Large Language Models (LLMs) have revolutionized how we interact with data, enabling tasks like question answering, text-to-SQL generation, and more. However, these models typically require text-based inputs, which poses a challenge when working with tabular data. To apply LLMs to tables, we need to convert the structured data into a textual format—a process known as table serialization. But how do we serialize tables effectively? And does the way we serialize them impact the performance of downstream tasks?
In this blog post, we dive into the world of table serialization for dense retrieval tasks. We’ll share our journey of experimenting with different serialization strategies, highlighting key findings and providing practical insights. Along the way, we’ll introduce the Table Serialization Kitchen, an open-source tool we developed to make experimentation easier. (This project was presented at the ELLIS workshop on Representation Learning and Generative Models for Structured Data 2025. Find our extended abstract “Metadata Matters in Dense Table Retrieval” here)
The Challenge of Table Serialization
Let’s start with an example. Consider the following table from the FeTaQA1 dataset:
Year | Title | Role |
---|---|---|
2012 | From the Rough | Edward |
1997 | The Borrowers | Peagreen Clock |
2013 | In Secret | Camille Raquin |
2004 | Harry Potter and the Prisoner of Azkaban | Draco Malfoy |
2017 | Feed | Matt Grey |
This table is also associated with metadata:
{
"table_page_title": "Tom Felton",
"table_section_title": "Films"
}
To use this table with an LLM, we need to convert it into a textual format. One possible serialization might look like this:
Metadata:
table_page_title: Tom Felton
table_section_title: Films
Table:
| Year | Title | Role |
|------|----------------|----------------|
| 2012 | From the Rough | Edward |
| 1997 | The Borrowers | Peagreen Clock |
| 2013 | In Secret | Camille Raquin |
This representation includes both the table’s content and its metadata, formatted in Markdown.
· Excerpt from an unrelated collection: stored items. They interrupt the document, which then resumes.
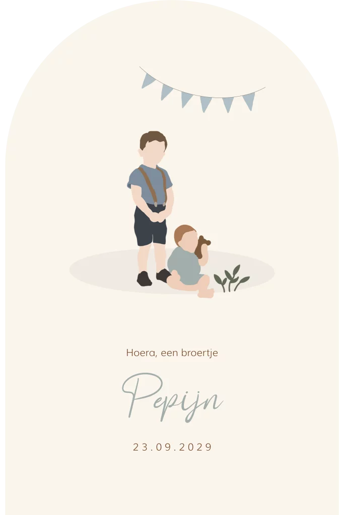 Kondig de geboorte van jullie zoontje en broertje aan met dit bijzondere kaartje! Het kaartje heeft de vorm van een arch. Op het kaartje is een grote broer met zijn kleine pasgeboren broertje te zien. De slingers maken dit kaartje extra feestelijk. Pas het kaartje naar wens aan in onze online editor en bestel snel een proefdruk om dit kaartje in het echt te zien!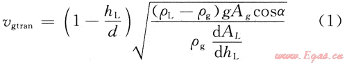 當(dāng)來流為段塞流時,進入捕集器后轉(zhuǎn)化為分層流,根據(jù)Taitel和Dukler的轉(zhuǎn)變準(zhǔn)則判斷,可以計算出一定傾角下,滿足流型轉(zhuǎn)化的管徑D,詳見公式(1):
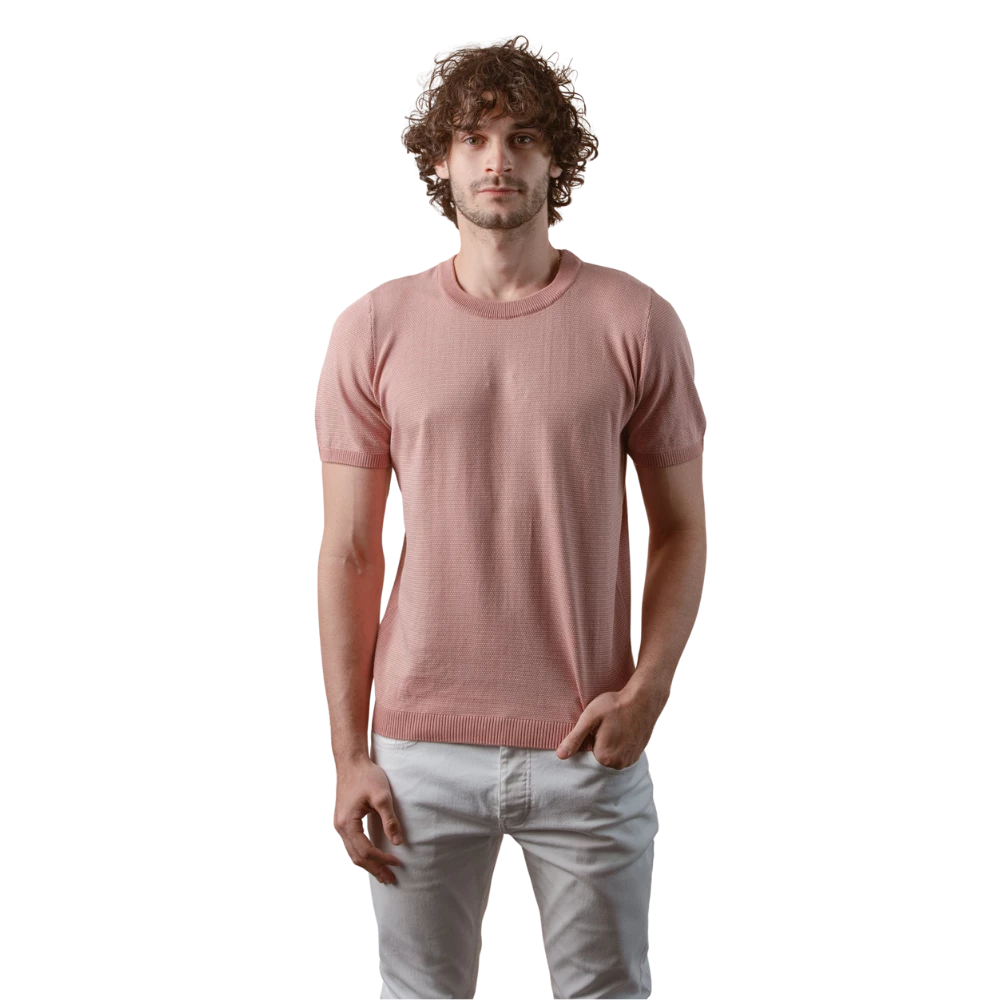 تي شيرت قطني محاك ميلانج بياقة مستديرة من روبان لإطلالة كاجوال مريحة تدوم طويلاً. متوفر بالمقاسات M - L - XL - XXL - 3XL وباللون المرجاني.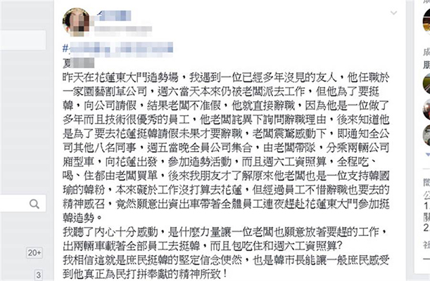 網(wǎng)友在臉譜網(wǎng)(facebook)分享:“昨天在花蓮東大門造勢(shì)場(chǎng),我遇到一位已經(jīng)多年沒(méi)見(jiàn)的友人,他任職于一家園藝割草公司,周六當(dāng)天本來(lái)仍被老板派去工作,但他為了要挺韓,向公司請(qǐng)假,結(jié)果老板不準(zhǔn)假,他就直接辭職。因?yàn)樗且晃蛔隽硕嗄甓壹夹g(shù)很優(yōu)秀的員工,他老板詫異下詢問(wèn)辭職理由,后來(lái)知道他是為了要去花蓮?fù)n請(qǐng)假未果才要辭職,老板震驚感動(dòng)下,即通知全公司其他八名同事,周五當(dāng)晚全員公司集合,由老板帶隊(duì),分乘兩輛公司廂型車,向花蓮出發(fā),參加造勢(shì)活動(dòng),而且周六工資照算,全程吃、喝、住都由老板買單。后來(lái)我朋友才了解原來(lái)他老板也是一位支持韓國(guó)瑜的韓粉,本來(lái)礙于工作沒(méi)打算去花蓮,但經(jīng)過(guò)員工不惜辭職也要去的精神感召,竟然愿意出資出車帶著全體員工連夜趕赴花蓮東大門參加挺韓造勢(shì)!

But is this the best way to serialize the table? Should we include all the rows, or just a subset? How can select such a subset of rows? What about the metadata—is it helpful, or just noise? And how does the format (e.g., Markdown vs. JSON) affect the results?
These questions highlight the complexity of table serialization. There are countless design choices to make, and it’s not immediately clear which ones lead to better performance. To answer these questions, we turned to experimentation.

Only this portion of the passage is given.